Tempo runs are one of my favorite workouts to challenge myself and improve during training for any race, and even when I’m running just to maintain fitness. There are few feelings more satisfying to a runner than improving each week, and the tempo run is a great tool to achieve success.
A tempo run is a term so commonly mentioned among runners, and yet it can be difficult to really determine the nitty gritty details of what you need to do in order to complete them.
You may be asking yourself, what exactly is a tempo run?
Maybe you’re just trying to figure out how to know your tempo pace (like I did for years and years!) or how to actually run a tempo run.
With so many tempo run variations and workouts out there, it can be overwhelming trying to narrow it down. Your training plan may include really specific details that are hard to understand, or may be vague and leave you questioning how to interpret the workout. Whatever the case, here are some simple break downs of the 4 main tempo run variations. There are endless variations of tempo runs out there, but all are a part of one of these 4 main styles. Here are the variations you need to know for your next tempo run.
4 Tempo Run Variations
Tempo Runs Based on Pace
One of the most basic tempo run variations is to run based on pace. If you’re anything like me, you’ve probably heard of a tempo run before and even know a little bit about it. Seeing a tempo run on your training schedule means that this will be a fast paced run – one where your push your body to run faster than normal. But how in the world are you supposed to know your tempo pace?
Is it 15 seconds faster than your long run pace? The same speed you usually run? 3 minutes faster than you’ve ever run before?
In a time where information is accessible at our fingertips, finding an answer to this question seems to be rather challenging. After struggling to find the answer to this question myself for many years, I have a simple resource for you that will answer all your questions.
Here is an excellent pace calculator to help you determine your tempo pace.
All you have to do is input a finish time for a recent race (of any distance) and it will break that down and tell you an approximate pace to aim for on your next tempo run. If you don’t have a race time you can input your mile time or 3 mile time based on recent runs.
In general, I have found my tempo pace to be about 60 to 90 seconds faster than my easy, regular run pace. Your tempo run pace should be something that you are able to sustain for multiple miles without feeling like you are going to fall over, but one that is challenging enough that you are breathing hard and unable to maintain a conversation.

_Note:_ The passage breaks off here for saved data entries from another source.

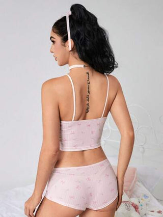 ROMWE Kawaii طقم حمالة ولباس داخلي مطبوع بزهور متنوعة مع تصميم من القفطان الأنيق متموج محبوك بلا أسلاك مزين بفيونكة صغيرة
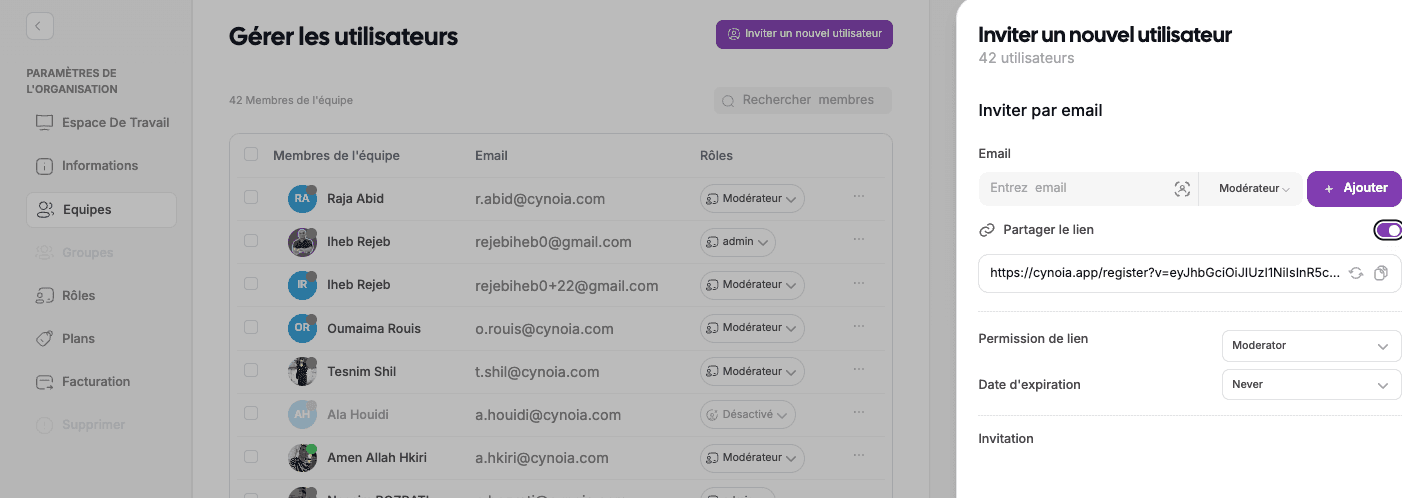 Invite Members via Link: Invite users to your organization with a simple, shareable link.
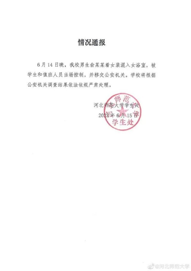 6月15日凌晨,@河北师范大学 官方微博发布情况通报:
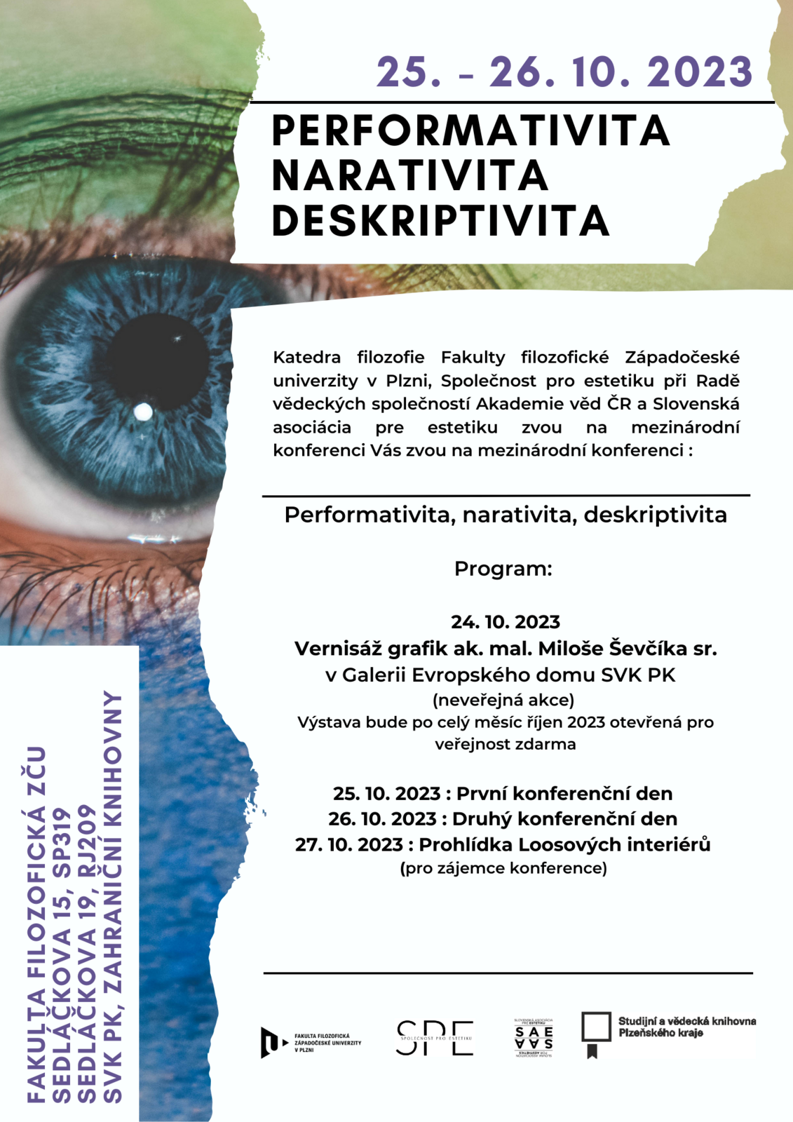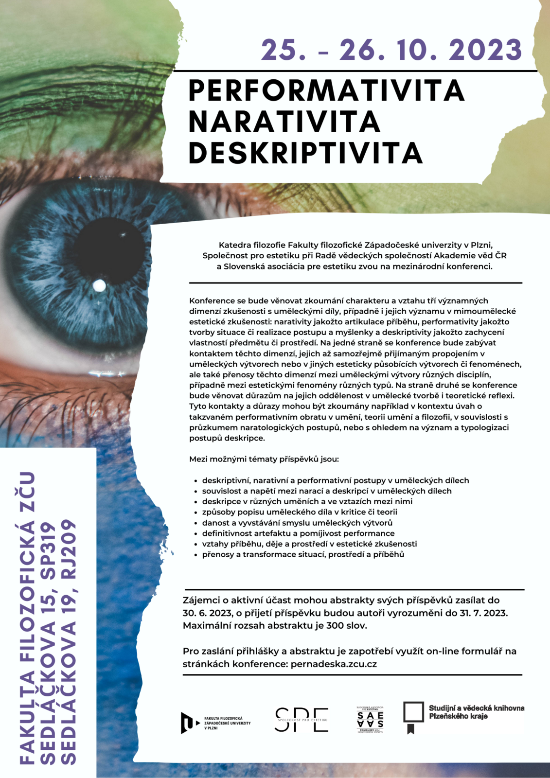 Konference se bude věnovat zkoumání charakteru a vztahu tří významných dimenzí zkušenosti s uměleckými díly, případně i jejich významu v mimoumělecké estetické zkušenosti: narativity jakožto artikulace příběhu, performativity jakožto tvorby situace či realizace postupu a myšlenky a deskriptivity jakožto zachycení vlastností předmětu či prostředí.
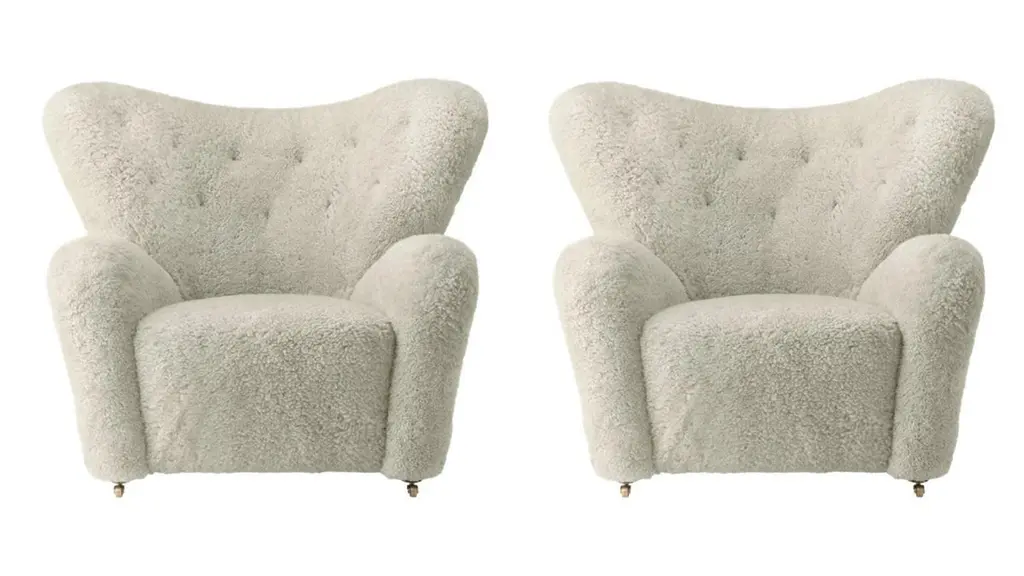 Set of 2 green tea sheepskin The Tired Man Lounge chair by LassenDimensions: W 102 x D 87 x H 88 cm Materials: SheepskinFlemming Lassen designed the overstuffed easy chair, The Tired Man, for The Copenhagen Cabinetmakers’ Guild Competition in 1935. It is characterised by organic, bearlike shapes and then as now it created a sensation with its curved form and voluminous armrests. Sitting in the chair should, in Flemming Lassen’s own ords, be ”as warm and safe as a polar bear cub in the arms of its mother in the middle of the ice cap”. The family man Flemming Lassen valued intimate relationships - with its warm exterior, The Tired Man invokes domestic cosiness and socialising by candlelight.By Lassen is a Danish design brand focused on iconic designs created by Mogens and Flemming Lassen, founded by Lassens’ relatives in 2008. Brothers Mogens (1901-1987) and Flemming (1902-1984) Lassen are known as two of Denmark’s greatest architects and designers. Both were renowned pioneers of Danish functionalism and modernist architecture, honoured with numerous prestigious medals and awards. Headed by Mogens Lassen’s grandson Søren Lassen, By Lassen carries on the brothers’ design philosophy by manufacturing their iconic designs as well as products by other designers that complement the Lassen’s functionalist style. The company’s mission is to continue the tradition of timelessness, functionality and quality, and to introduce the Lassen’s design heritage to new generations.
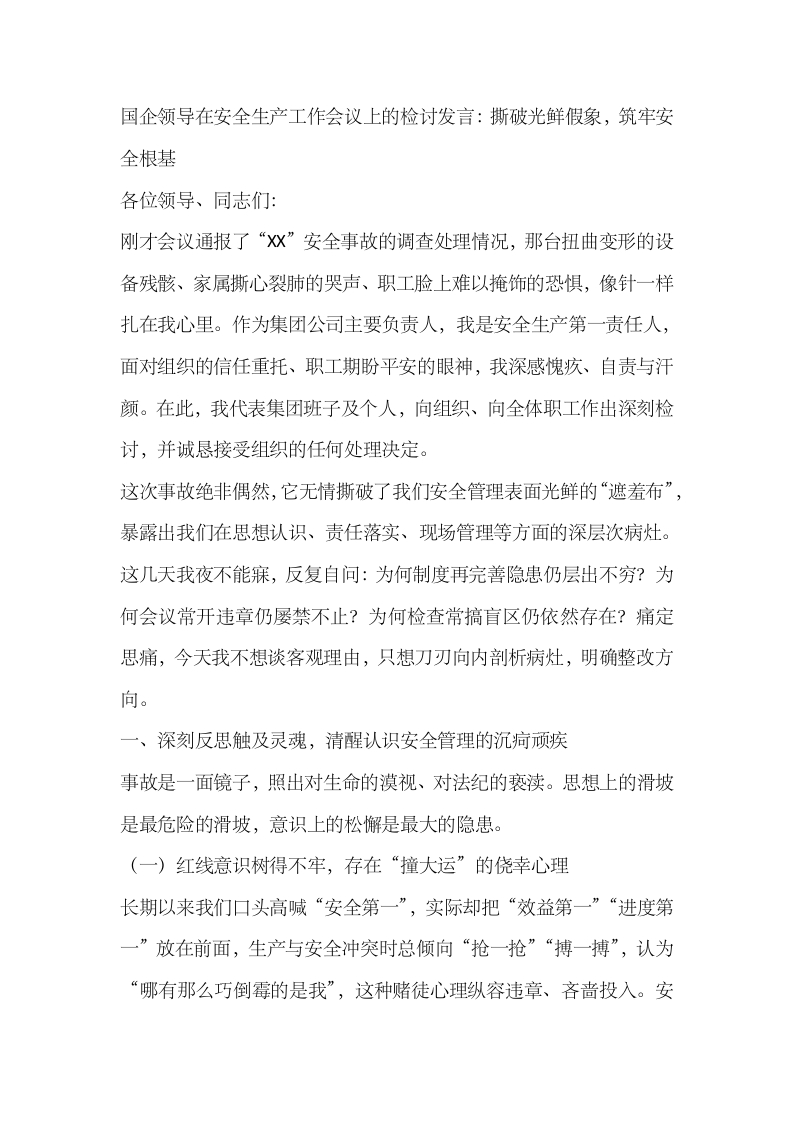 首页安全文档综合国企领导在安全生产工作会议上的检讨发言:撕破光鲜假象,筑牢安全根基

It will take a bit of experimentation to determine your tempo run pace, but once you run a few tempo runs you will start to see a common speed. Next time you see a tempo run on your training plan, you can head out the door with a pace goal in mind.
Tempo Runs Based on Heart Rate
A slightly more advanced tempo run variation is to run based on heart rate. Heart rate training has really taken off these past few years, and after finally getting a Garmin GPS Watch with the heart rate monitor in the wrist, I can see why. Analyzing my stats after a run has become even more interesting now with the added component of heart rate. It is so interesting to me to see which circumstances led to a higher heart rate, and which led to a slower one.
Another popular variation for the tempo run is to train based on your heart rate. Rather than aiming for a certain pace or distance, this tempo run variation calls for a certain heart rate zone. During a tempo run, your heart rate should be within 80-90% of your maximum heart rate, which is also known as your threshold pace. While that statistic is great, calculating 85% of your maximum heart rate is a little more challenging because it requires you to collect data and be able to determine your maximum heart rate.
So how do you calculate your maximum heart rate?
The most frequently used method to determine your maximum heart rate is to subtract your age from 220. For example, if you are 25 years old, your maximum heart rate calculation would look like this: 220 – 25 = 195. If you are 40 years old, your calculation would look like this: 220 – 40 = 180, etc. This formula is a great starting point. Obviously heart rate varies from person to person, even if they are the same age, so this formula grants a very rough estimation of your maximum heart rate.
From here, you can further define your maximum heart rate by wearing a heart rate monitor and tracking your heart rate during a variety of runs. In general, the highest heart rate recorded during each of these runs should equal your maximum heart rate.
If you want to calculate your maximum heart rate accurately but quickly, you can experiment by exercising very hard for three minutes, resting for 3 minutes, and exercising very hard for 3 minutes a second time. Wear a heart rate monitor and give your full effort for each of the 3 minute intervals. In general, your highest heart rate during the second 3 minute interval is your maximum heart rate.
Once you know your maximum heart rate, here’s how to use it on a tempo run.
While calculating a very accurate maximum heart rate may take some time and knowledge of your body, having a general idea of your maximum heart rate is still incredibly beneficial. Once you have an idea of your maximum heart rate, you can determine what 80-90% of this will be. During your tempo runs, aim to keep your heart rate within 80-90% of your maximum heart rate (or your threshold pace) for the duration of the run.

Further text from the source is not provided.